In its article on "Stirling numbers of the second kind", Wikipedia gives this formula for $S(n, k)$ -- the number of ways of putting $n$ distinct balls into $k$ boxes (where the boxes aren't distinct).
$S(n, k) = \frac{1}{k!}\sum_{j=0}^k (-1)^{k-j}\binom{k}{j}j^n$
Does anyone have an intuitive or just semi-intuitive way of explaining this? Or is there some more general thing I should look at that will make it make sense -- Wikipedia says it's a special case of something or other.
We seem to be missing "...where none of the boxes are empty."
Assume the boxes are labeled (we divide by $k!$ at the end for unlabeled boxes).

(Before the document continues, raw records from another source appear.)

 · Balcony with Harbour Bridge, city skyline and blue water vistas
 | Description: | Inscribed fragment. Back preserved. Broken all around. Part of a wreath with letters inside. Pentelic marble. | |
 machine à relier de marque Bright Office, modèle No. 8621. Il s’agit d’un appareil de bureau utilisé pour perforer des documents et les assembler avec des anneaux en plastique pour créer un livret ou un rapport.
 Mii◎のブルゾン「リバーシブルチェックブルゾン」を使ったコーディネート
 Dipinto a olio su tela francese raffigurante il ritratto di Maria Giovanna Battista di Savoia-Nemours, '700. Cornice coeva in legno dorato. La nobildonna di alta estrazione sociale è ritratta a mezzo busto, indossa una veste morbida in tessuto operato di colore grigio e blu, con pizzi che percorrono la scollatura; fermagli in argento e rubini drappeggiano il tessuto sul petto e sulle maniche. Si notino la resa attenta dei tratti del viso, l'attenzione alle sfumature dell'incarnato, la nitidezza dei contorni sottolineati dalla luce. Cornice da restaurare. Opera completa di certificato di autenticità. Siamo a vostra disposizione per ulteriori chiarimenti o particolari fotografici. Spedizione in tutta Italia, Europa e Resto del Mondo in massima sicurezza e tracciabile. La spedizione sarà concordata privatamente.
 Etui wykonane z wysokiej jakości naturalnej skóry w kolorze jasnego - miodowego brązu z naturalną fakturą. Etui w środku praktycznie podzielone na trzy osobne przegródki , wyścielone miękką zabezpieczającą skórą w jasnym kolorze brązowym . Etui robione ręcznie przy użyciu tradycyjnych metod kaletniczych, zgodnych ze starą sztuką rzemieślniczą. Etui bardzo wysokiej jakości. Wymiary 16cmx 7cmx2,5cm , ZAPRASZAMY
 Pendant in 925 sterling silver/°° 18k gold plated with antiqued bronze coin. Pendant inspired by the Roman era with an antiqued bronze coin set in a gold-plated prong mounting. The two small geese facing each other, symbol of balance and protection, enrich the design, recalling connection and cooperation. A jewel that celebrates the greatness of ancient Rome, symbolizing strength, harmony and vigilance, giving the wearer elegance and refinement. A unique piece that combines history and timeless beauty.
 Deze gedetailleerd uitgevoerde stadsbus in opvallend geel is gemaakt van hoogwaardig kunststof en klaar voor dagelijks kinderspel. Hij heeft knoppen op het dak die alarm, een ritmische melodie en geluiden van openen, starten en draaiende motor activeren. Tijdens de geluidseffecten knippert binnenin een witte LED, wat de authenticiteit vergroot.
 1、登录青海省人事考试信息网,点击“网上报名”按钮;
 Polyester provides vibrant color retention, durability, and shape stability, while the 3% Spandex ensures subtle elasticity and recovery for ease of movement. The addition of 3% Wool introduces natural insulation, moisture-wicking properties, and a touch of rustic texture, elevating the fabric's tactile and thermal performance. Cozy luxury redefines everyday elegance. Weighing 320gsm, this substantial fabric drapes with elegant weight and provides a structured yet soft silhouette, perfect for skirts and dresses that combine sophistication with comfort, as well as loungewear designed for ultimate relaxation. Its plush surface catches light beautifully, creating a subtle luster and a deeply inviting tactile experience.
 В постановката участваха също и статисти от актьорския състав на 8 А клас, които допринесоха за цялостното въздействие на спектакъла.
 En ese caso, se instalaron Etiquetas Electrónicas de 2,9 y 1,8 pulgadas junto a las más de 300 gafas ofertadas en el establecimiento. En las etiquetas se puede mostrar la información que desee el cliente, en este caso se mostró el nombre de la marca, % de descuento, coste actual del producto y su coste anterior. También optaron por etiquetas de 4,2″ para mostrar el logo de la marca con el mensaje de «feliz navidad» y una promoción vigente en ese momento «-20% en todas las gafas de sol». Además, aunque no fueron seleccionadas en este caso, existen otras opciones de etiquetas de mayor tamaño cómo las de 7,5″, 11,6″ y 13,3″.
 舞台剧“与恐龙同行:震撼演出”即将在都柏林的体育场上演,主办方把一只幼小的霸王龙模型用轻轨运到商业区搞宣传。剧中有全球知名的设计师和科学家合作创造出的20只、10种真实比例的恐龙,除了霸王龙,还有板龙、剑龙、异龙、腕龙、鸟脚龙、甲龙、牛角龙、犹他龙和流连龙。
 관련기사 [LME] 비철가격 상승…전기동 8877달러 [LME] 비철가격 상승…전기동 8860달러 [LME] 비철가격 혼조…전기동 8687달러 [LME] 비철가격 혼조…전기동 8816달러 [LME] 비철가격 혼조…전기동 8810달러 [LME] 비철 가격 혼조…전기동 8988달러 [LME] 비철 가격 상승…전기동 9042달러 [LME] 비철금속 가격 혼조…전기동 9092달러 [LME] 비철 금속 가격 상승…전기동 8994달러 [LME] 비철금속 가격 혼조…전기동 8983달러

We can put the balls in the boxes in $k^n$ ways: but this overcounts since it allows the possibility for some of the boxes to be empty. So we need to subtract the number of balls-in-box-arrangements in which there are empty boxes.
The number of balls-in-box-arrangements with $\geq j$ empty boxes is $$\binom{k}{j} j^n$$ and we include-exclude over $j$, thus giving $$\sum_{j \geq 0} (-1)^{k-j} \binom{k}{j} j^n.$$
The relation between the balls-in-box-arrangements and the Stirling numbers of the second kind is immediate by definition.